PROMPT →
Starting at the top of the listing, extract every line up to and including the one with "Красивая женщина, использующая". Pictures stay out of the copy.

RECORDS FOR THIS TASK Start Marker

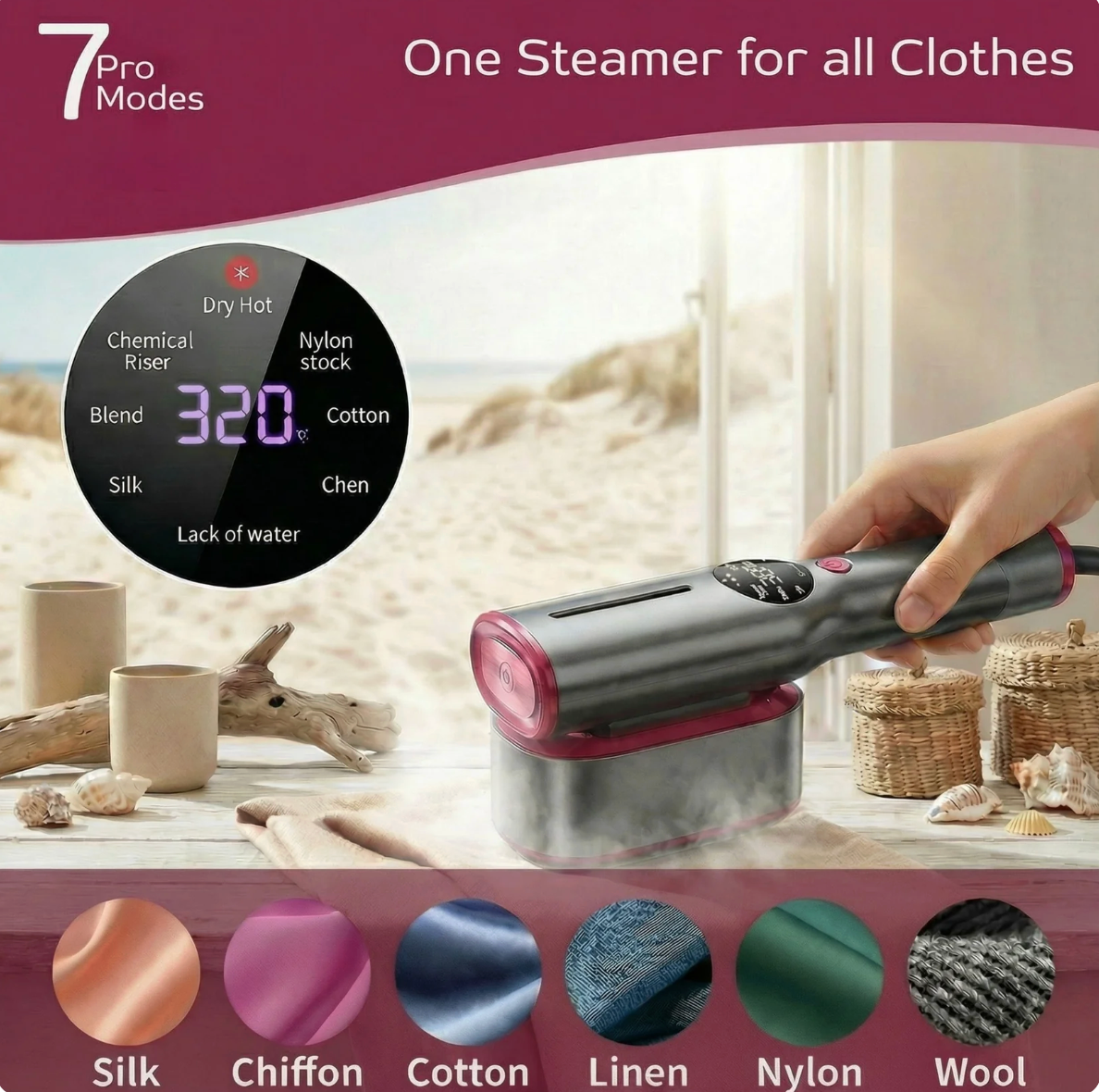 - Fast-heat &7 Modes Choose:15s quickly heat,The handheld steamer for clothes has 7 ironing modes to choose from,such as dry ironing, tweed, cotton, linen, silk, blends, synthetic fibers,excellent heating speed and excellent wrinkle removal ability make it ideal for fast and efficient garment care
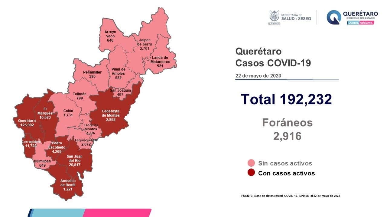 La Secretaría de Salud de Querétaro reportó este lunes cero defunciones por COVID-19 y se reportó que en los últimos siete días se han sumado 277 casos de la enfermedad en el estado se trata de 165 mujeres y 112 hombres. El registro acumulado es de 192 mil 232 casos; 54% son mujeres y 46% son hombres.
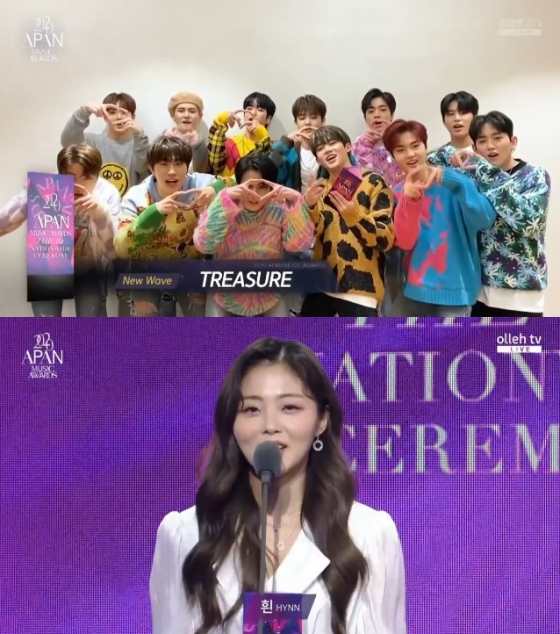 트레저와 HYNN은 24일 오후 열린 '2020 APAN MUSIC AWARDS'에서 신인상에 해당하는 뉴웨이브상을 수상했다.
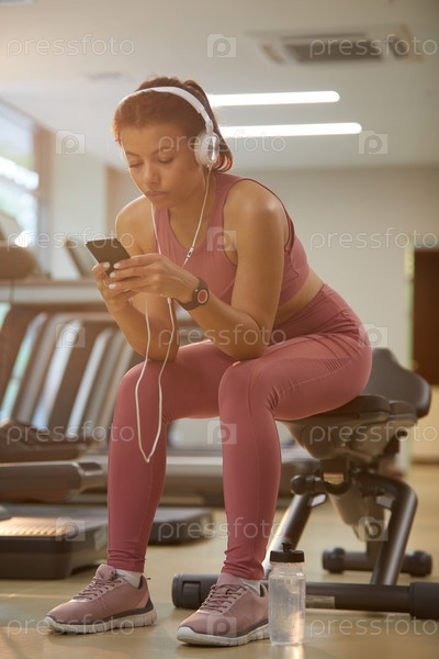 Красивая женщина, использующая смартфон в спортзале
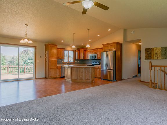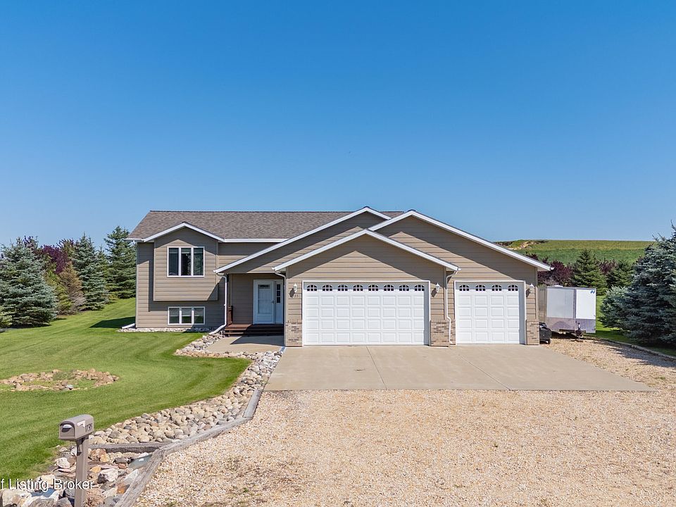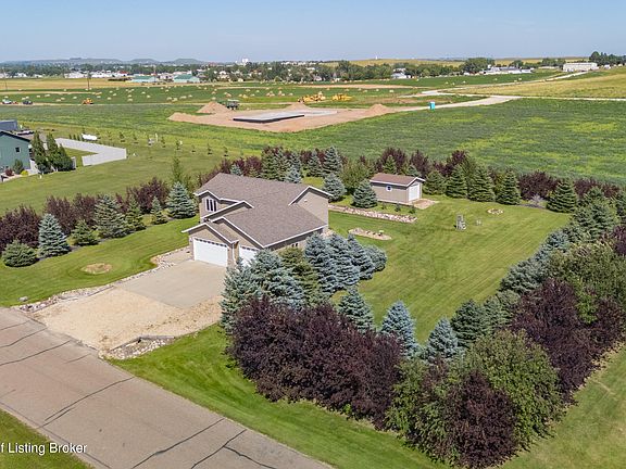 Must see, beautiful, and peaceful property on nearly one acre just minutes from Dickinson. This four bedroom, three bathroom home is move in ready, with an open layout and spacious design. From the large kitchen, dining, and living area filled with great natural light to the two bedrooms , including a wonderful primary suite there is an abundance of thoughtful space throughout. The lower level is fully finished with a spacious family room and fireplace, and two additional bedrooms. The triple garage is finished and heated. The exterior is an absolute tree lined dream with a deck, sprinklers, well, shed, and so much more. Call today to schedule a showing of this fantastic property!
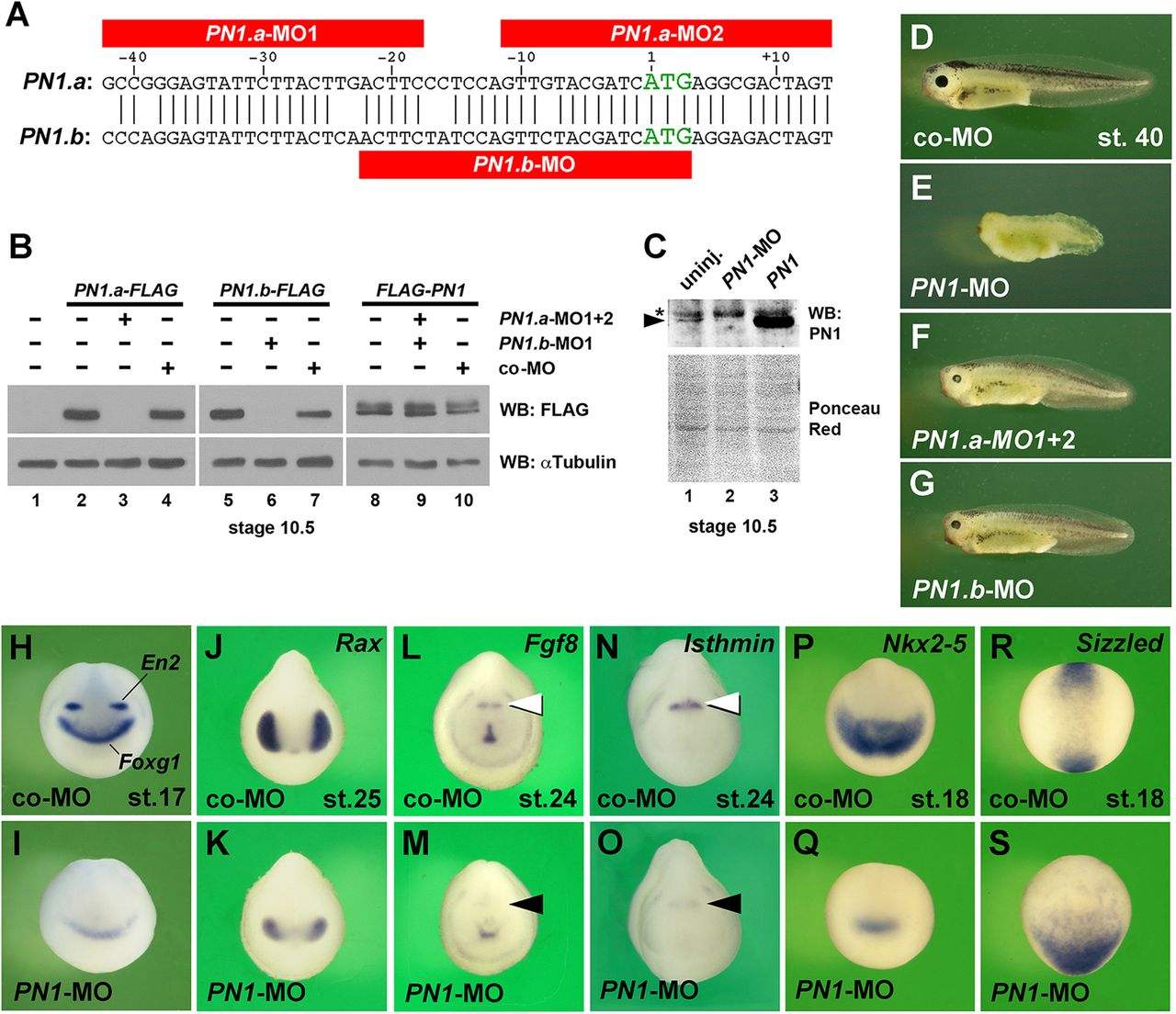 Fig. 4. Redundant functions of PN1.a and PN1.b in head and primary axis development. (A) Three antisense morpholino oligonucleotides (MOs) target the translation initiation sites of the PN1.a and PN1.b homeologs. (B) Immunoblot analysis of Xenopus gastrula embryos. PN1.a-MO1+2 and PN1.b-MO, but not standard control MO (co-MO), inhibit translation of injected PN1.a-FLAG and PN1.b-FLAG mRNAs (each 800â pg), respectively. Protein synthesis from non-targeted FLAG-PN1 mRNA (800â pg) is not affected. WB, western blot. αTubulin provides a loading control. (C) PN1-MO blocks endogenous PN1 protein expression (arrowhead). The asterisk marks a non-specific band. Ponceau Red staining shows equal protein loading. (D) Co-MO-injected tadpole. (E-G) Microinjection of either PN1.a-MO1+2 or PN1.b-MO causes microcephaly. A combination of all three MOs (designated PN1-MO) results in severe reduction of head and shortening of tail structures. (H-Q) PN1-MO induces depletion of En2 and reduction of Foxg1, Rax and Nkx2-5 expression. Fgf8 and Ism expression is severely reduced at the midbrain-hindbrain boundary (arrowheads). (R,S) Reduction of anterior and expansion of posterior Sizzled expression in PN1-depleted embryo. Indicated phenotypes were shown by: D, 29/31; E, 125/161; F, 102/134; G, 34/38; H, 71/77; I, 26/28; J, 45/45; K, 60/67; L, 40/45; M, 61/66; N, 16/18; O, 25/29; P, 40/40; Q, 25/25; R, 53/54; S, 33/39. |

RECORDS FOR THIS TASK End Marker

TASK OUTPUT →
 - Fast-heat &7 Modes Choose:15s quickly heat,The handheld steamer for clothes has 7 ironing modes to choose from,such as dry ironing, tweed, cotton, linen, silk, blends, synthetic fibers,excellent heating speed and excellent wrinkle removal ability make it ideal for fast and efficient garment care
 La Secretaría de Salud de Querétaro reportó este lunes cero defunciones por COVID-19 y se reportó que en los últimos siete días se han sumado 277 casos de la enfermedad en el estado se trata de 165 mujeres y 112 hombres. El registro acumulado es de 192 mil 232 casos; 54% son mujeres y 46% son hombres.
 트레저와 HYNN은 24일 오후 열린 '2020 APAN MUSIC AWARDS'에서 신인상에 해당하는 뉴웨이브상을 수상했다.
 Красивая женщина, использующая смартфон в спортзале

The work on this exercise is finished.